Não é só a palavra que é mais agradável: tudo numa casa é mais simples e menos consoante que num apartamento.
O apartamento é todo concreto.
Tem 3 quartos, sala, dependência.
Apartamentos tem plantas que medem metros quadrados.
Casas tem jardim.
Apartamentos tem entrega de chaves, primeira locação e são financiados em 30 anos a juros baixos e muros altos.
A casa sempre foi de alguma avó e tem história - e só.
Apartamentos são invariavelmente de verdade.
São um bom investimento, diz o economista.

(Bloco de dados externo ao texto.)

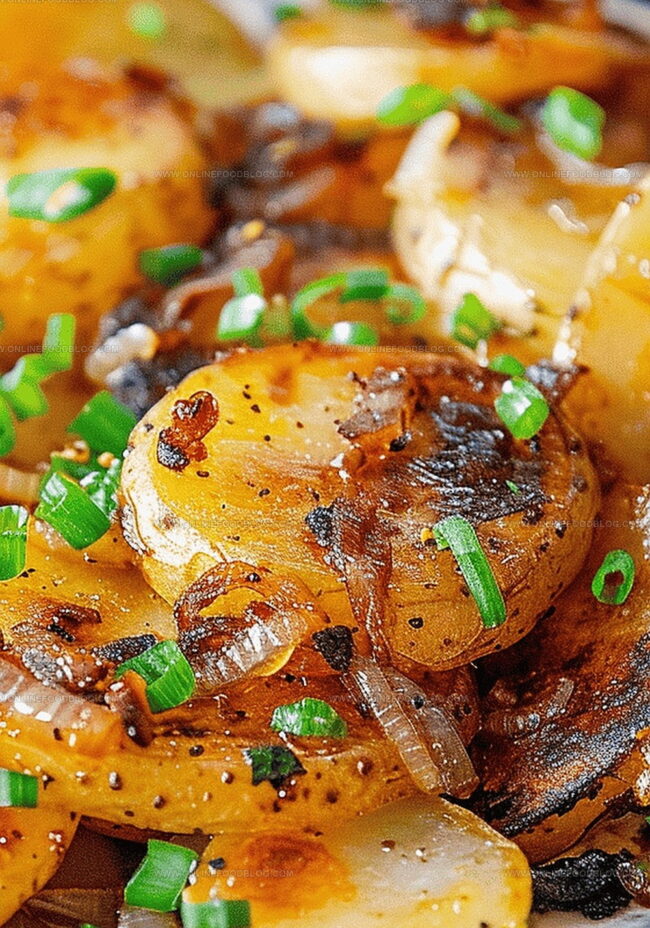 Gently coax sweet onion slices into a rich, soft amber color through slow cooking. Allow each slice to melt and develop complex sugary notes, releasing incredible depth of flavor that will complement the potatoes perfectly.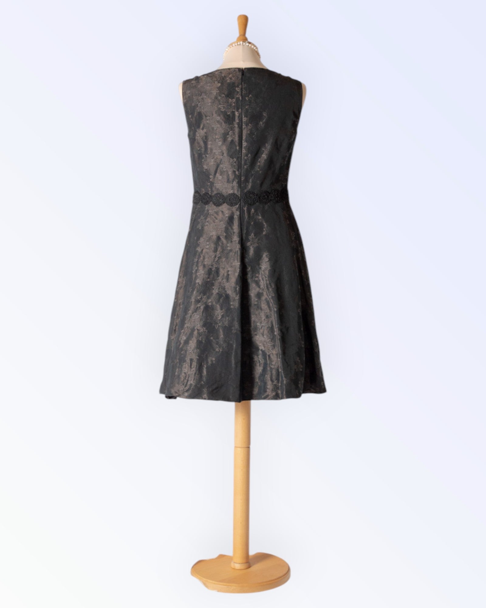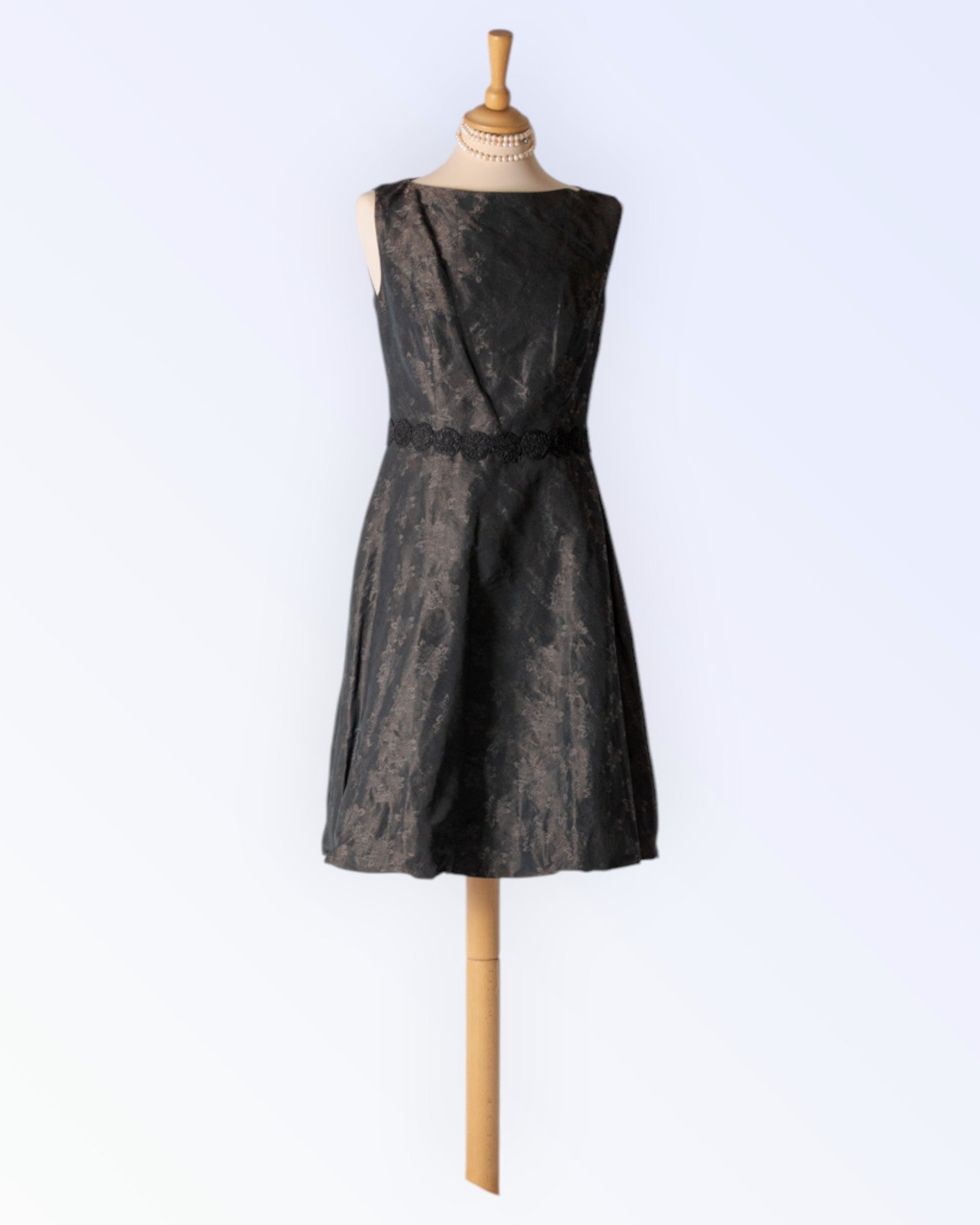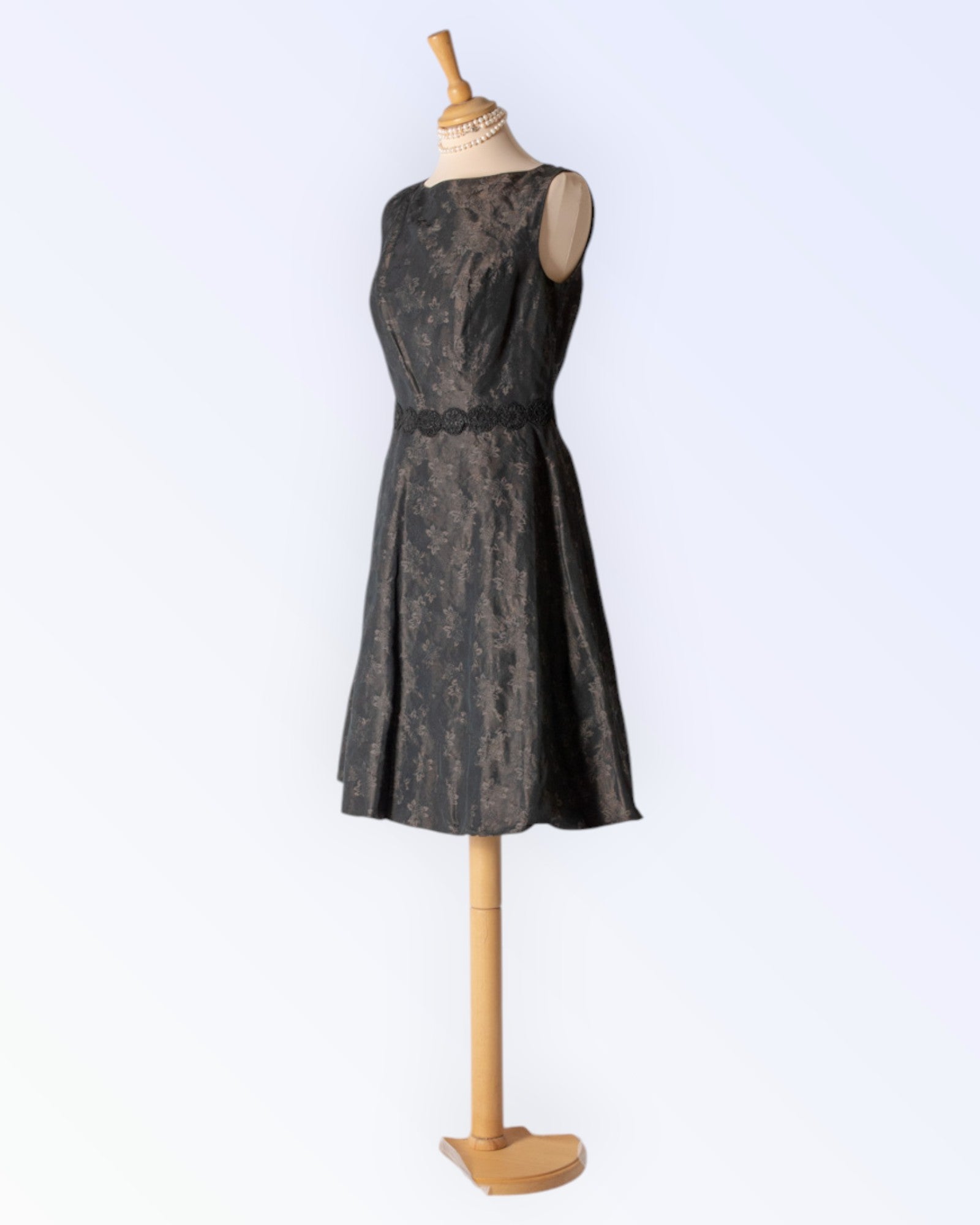 Dark brown cocktail dress made of taffeta with metallic threads.

Apartamentos são sempre imóveis.
A casa não; a casa é toda fluida, toda ideia.
Desde criança a gente tem uma casa, aprende a desenhar uma casa.
Toda casa tem telhado vermelho e chaminé, mesmo quando não tem.
Toda casa tem quintal na frente, mesmo quando não tem.
Toda casa fica numa rua de pedra com criança jogando bola, mesmo quando fica na Marginal Tietê.
O sujeito pode ser proprietário de mil apartamentos, mas olha ali:
à noite, cansado e com saudade, ele volta é pra casa.